As festividades natalícias deveriam estar intrinsecamente ligadas à harmonia, paz e amor, algo que contradiz com o stress das compras de Natal, compromissos sociais e ansiedade causada pela preocupação de agradar o próximo.

 

Esta é uma das alturas mais stressantes do ano e convém estar preparado para lidar com ela. São vários os momentos que marcam a época Natalícia e que exigem alguma organização da sua parte. 

 

5 dicas para um Natal sem stress


Evite todo este sentimento e siga estas 5 estratégias que o ajudam a controlar os níveis de stress:

 

  • Não perca tempo à procura do presente ideal, use-o para passar tempo com a pessoa.

 

  • Estabeleça limites. Identifique o que realmente importa e não assuma demasiados compromissos que o prejudiquem.

 

  • Estabeleça um orçamento e respeite-o.
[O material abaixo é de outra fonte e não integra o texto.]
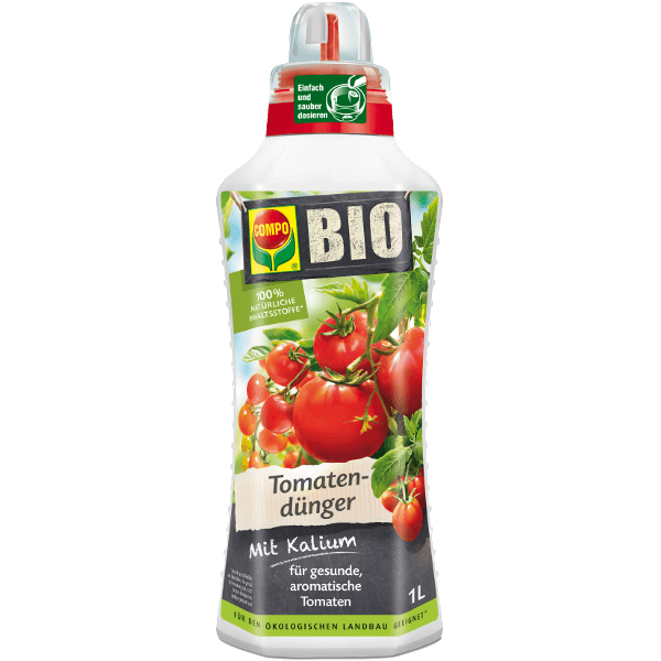 Compo BIO Paradicsom tápoldat az egészséges és ízletes paradicsomokhoz. A kiegyensúlyozott tápanyag-összetétel egészséges növekedést biztosít. 100%-ban természetes összetevőknek köszönhetően biogazdálkodásra is alkalmas.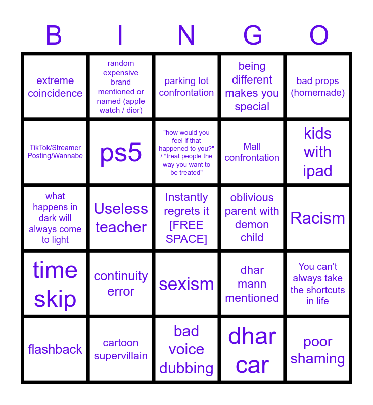 This bingo card has a free space and 34 words: dhar mann voiceover, dhar car, "you see" / "so you see", merch in video, time skip, ps5, bad props (homemade), flashback, random expensive brand mentioned or named (apple watch / dior), dhar mann studios office in the video, "how would you feel if that happened to you?" / "treat people the way you want to be treated", parking lot confrontation, bullying, creep behavior, oblivious parent with demon child, kids with ipad, cartoon supervillain, what happens in dark will always come to light, continuity error, dhar mann mentioned, sexism, someone fired over something small, extreme coincidence, Racism, bad voice dubbing, poor shaming, being different makes you special, thing thrown in the trash, Mall confrontation, TikTok/Streamer Posting/Wannabe, Video game outfits, Useless teacher, You can’t always take the shortcuts in life and YouTuber cameo.

As pessoas valorizam mais presentes feitos por nós, como por exemplo biscoitos. A sua carteira agradece.

 

  • Deixe a perfeição de lado. O importante é reunir as pessoas que gosta na noite de consoada.

 

  • Compre em horas estratégicas. Se optar por comprar algo em locais físicos, certifique-se que não vai nas horas de maior afluência. Garantidamente vai poupar-lhe muitas horas de stress.

 


Esperamos conseguir ajudá-lo, através destas 5 dicas, a combater o stress habitual desta época. Estes concelhos são do nosso gabinete de psicologia, sempre pronto a ajudar na manutenção do seu bem estar.

Se este período festivo, por diversos motivos, não é uma época de paz, de presentes, de tradições e de convívio, não fique refém da tristeza e da solidão. Fale connosco e iremos ajudá-lo a ter um Natal mais feliz.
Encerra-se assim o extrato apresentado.